The drug user and the family, and the society in general needs to know from what kind of help is available; and where they can access it. The person using drugs has often poor motivation, which needs to be built up, both at the level of family and the sufferer. The family always plays an important role in treatment and should be supportive rather than critical. The person and the family members are further sensitized about the ill effects of the drug and benefits of leaving it. The treatment consists of a phase of detoxification lasting about 2-3 weeks, in which focus is on controlling the withdrawal symptoms as well as educating the person about harms of drugs and how to prevent a relapse. In this phase, the person may need to be hospitalized. Detoxification is followed by a maintenance phase of treatment in which counselling sessions can be taken with the drug user and their families individually or in groups. Focus is on rehabilitation back to the society as well as relapse prevention.

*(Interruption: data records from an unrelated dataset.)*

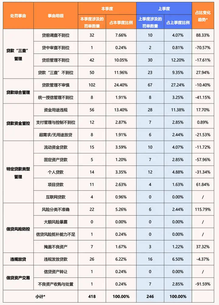 贷款业务领域的处罚主要围绕信贷流程的合规性和风险管理,包括贷前调查、贷中审查、贷后管理的“三查”不到位,以及信贷资产交易、违规发放贷款等行为,覆盖信贷全流程,且关键环节缺陷集中,与第二季度“贷款管理+三查不到位”为主的违规特征高度一致。
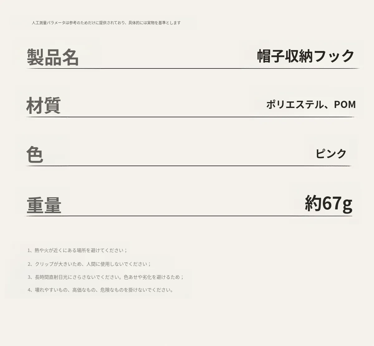 帽子収納フック(ピンク)
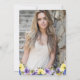 Elegante Watercolor roxo e azul Flores e design de folhagem de Verão com confete de ouro e foto personalizada no verso
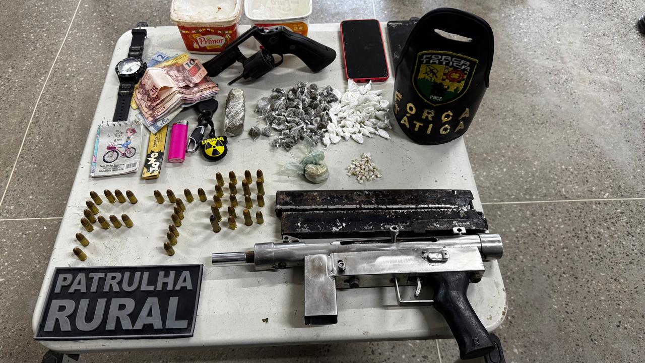 A Polícia Militar do Ceará (PMCE), por meio da 1ª Companhia do 29º Batalhão (1ª Cia/ 29º BPM), capturou três homens e uma mulher e apreendeu armas de fogo e drogas durante uma ação realizada nesta sexta-feira (4) no município de Baturité.

It is important to emphasize here again that drug use is not a habit or a social problem, though it has social consequences. The person using drugs needs medical treatment. As happens with physical illnesses, treatment failures can occur in drug use disorders also and the person may relapse. It is frustrating for the family, but relapses can be effectively treated. Certain patents with opioid addiction need long term maintenance treatment. This is also called opioid substitution therapy. It helps the person in rehabilitating back into society.
Facilities for treatment of drug dependence are available in psychiatry departments in most big hospitals. The Government has also opened deaddiction clinics at many places. Many psychiatrists and non-government organizations also run such facilities.